Dividing the Audible Range

Dividing the Audible Range



  1. Tenson
    The way sound behaves in an enclosed space changes drastically depending on its frequency, or more precisely its wavelength, and the size of the room. We can divide the range in to 4 areas consisting of the Pressure Zone at ultra-low frequencies, the Modal Range at low frequencies, the Transitional (A.K.A. Diffuse) Range at mid frequencies and the Specular Range at high frequencies.

    DividingAudibleRange.jpg

    We can roughly define these ranges by the following rules.

    A = The Pressure Range is below, and the Modal Range is above the frequency where half a wavelength fits between the furthest apart room boundaries.

    B = The Transitional Range begins from the top of the modal range, approximately defined by the equation: F ≥ 11250 (√RT60 / Room Volume)

    C = The Specular Range starts at approximately 4 times the beginning frequency of the transitional range.

    The image above also shows roughly the affect of those ranges on the response of a speaker with a flat response in a free-field enviroment.

    In the Pressure range of frequencies, the wavelength of sound is so large that not even half a cycle can fit in the space between the room boundaries. The pressure level of the whole enclosed space thus rises and falls at the frequency of the sound wave. The wavelength is also so large that no object in the room is likely to obstruct it's path, it will simply pass right through it. The result of this behaviour is two-fold. The ultra-low frequency sound is boosted compared with a completely open space. That's not surprising, because a speaker can't pressurize the entire outside world. Also, the response is very even and smooth since the wave doesn't reflect from the room boundaries out of time (phase) with the source.

    PressureZone.jpg

    Next up is the Modal range, where more than half a wave will fit between the boundaries. When sound behaves like this we find some frequency of waves fit perfectly between the room boundaries. When the waves reflect back in the opposite direction they add with the original and create a stronger sound that takes a long time to decay, however this created wave does not seem to travel along in a specific direction like a normal wave, it stands still. This creates static areas of high sound levels in one area of the room (between the numbered points on the animation below), and low sound levels in others (exactly on the numbered points in the image below).
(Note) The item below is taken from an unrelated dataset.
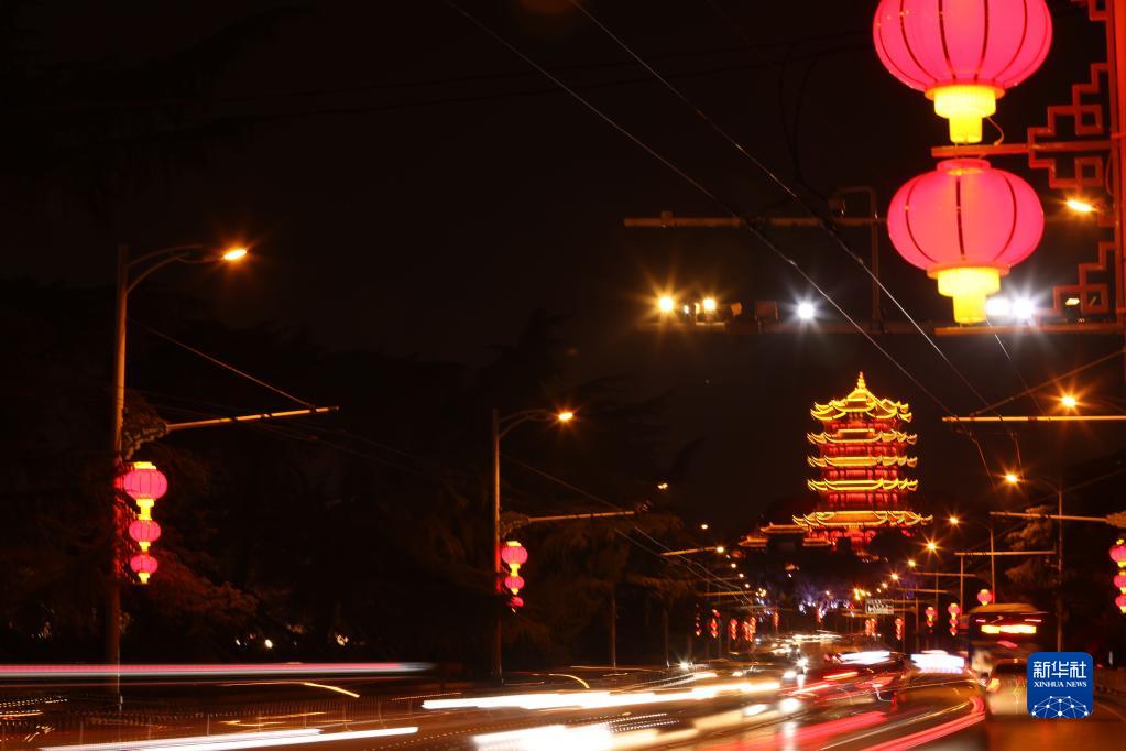 湖北省武漢市黃鶴樓附近路段夜景(1月17日攝,無人機照片)。

    If the waves don't fit neatly between the rooms boundaries then they don't get this boost, the sound remains at it's weaker 'natural' level and also decays quicker. The wavelengths in this range are large enough that they will bend around and encompass nearly any object in their path (table, chair, person), only something very big and dense like a wall will cause reflection.

    Boundary Reflection

    reflection3.gif

    Standing Wave Formation

    anim-stwave-11.gif

    Animations taken from http://physics.usask.ca/~hirose/ep225/animation/reflection/anim-reflection.htm


    I'm now going to skip the Transitional Diffuse Range and go directly to the high frequency Specular Range. In the Specular range, the wavelength of sound is too small to effectively bounce back and forward between room boundaries. Large waves think the wall is flat, but even a small surface bump can cause high frequency specular waves to shoot off in a different direction. In this range we can cite the rule 'the angle of incidence equals the angle of reflection'. That means whatever angle the wave hits a surface, it will reflect off in the opposite direction. So, in an enclosed space with a sound source, we find the sound comes not only directly from the speaker to the receiver, it is also followed by many slightly quieter copies of the sound which took longer paths sound the room reflecting off surfaces.
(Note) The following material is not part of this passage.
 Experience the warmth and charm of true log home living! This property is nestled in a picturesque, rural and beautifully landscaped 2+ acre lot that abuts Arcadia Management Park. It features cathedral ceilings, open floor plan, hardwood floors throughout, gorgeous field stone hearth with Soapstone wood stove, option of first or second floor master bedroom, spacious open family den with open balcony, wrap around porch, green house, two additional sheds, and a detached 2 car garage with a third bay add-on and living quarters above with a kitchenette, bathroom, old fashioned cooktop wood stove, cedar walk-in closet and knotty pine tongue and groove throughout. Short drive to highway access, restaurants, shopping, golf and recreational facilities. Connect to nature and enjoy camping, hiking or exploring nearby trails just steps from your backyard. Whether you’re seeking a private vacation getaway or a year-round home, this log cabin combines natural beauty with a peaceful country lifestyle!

    Reflections(StudoCell).jpg

    So lets take a step back and look at the Transitional Diffuse Range now. These wavelengths are large enough that they don't directly reflect from every object in their path, yet they also can not bend right around it. What we find is the wave splits, making multiple level reduced copies of itself. Some partly bend around the obstacle, while others reflect. This is called diffraction; when a single wave is made to split and travel multiple different directions. You may also hear the term Diffusion. This is when a wave is split roughly equally in all directions.


    Diffusion.jpg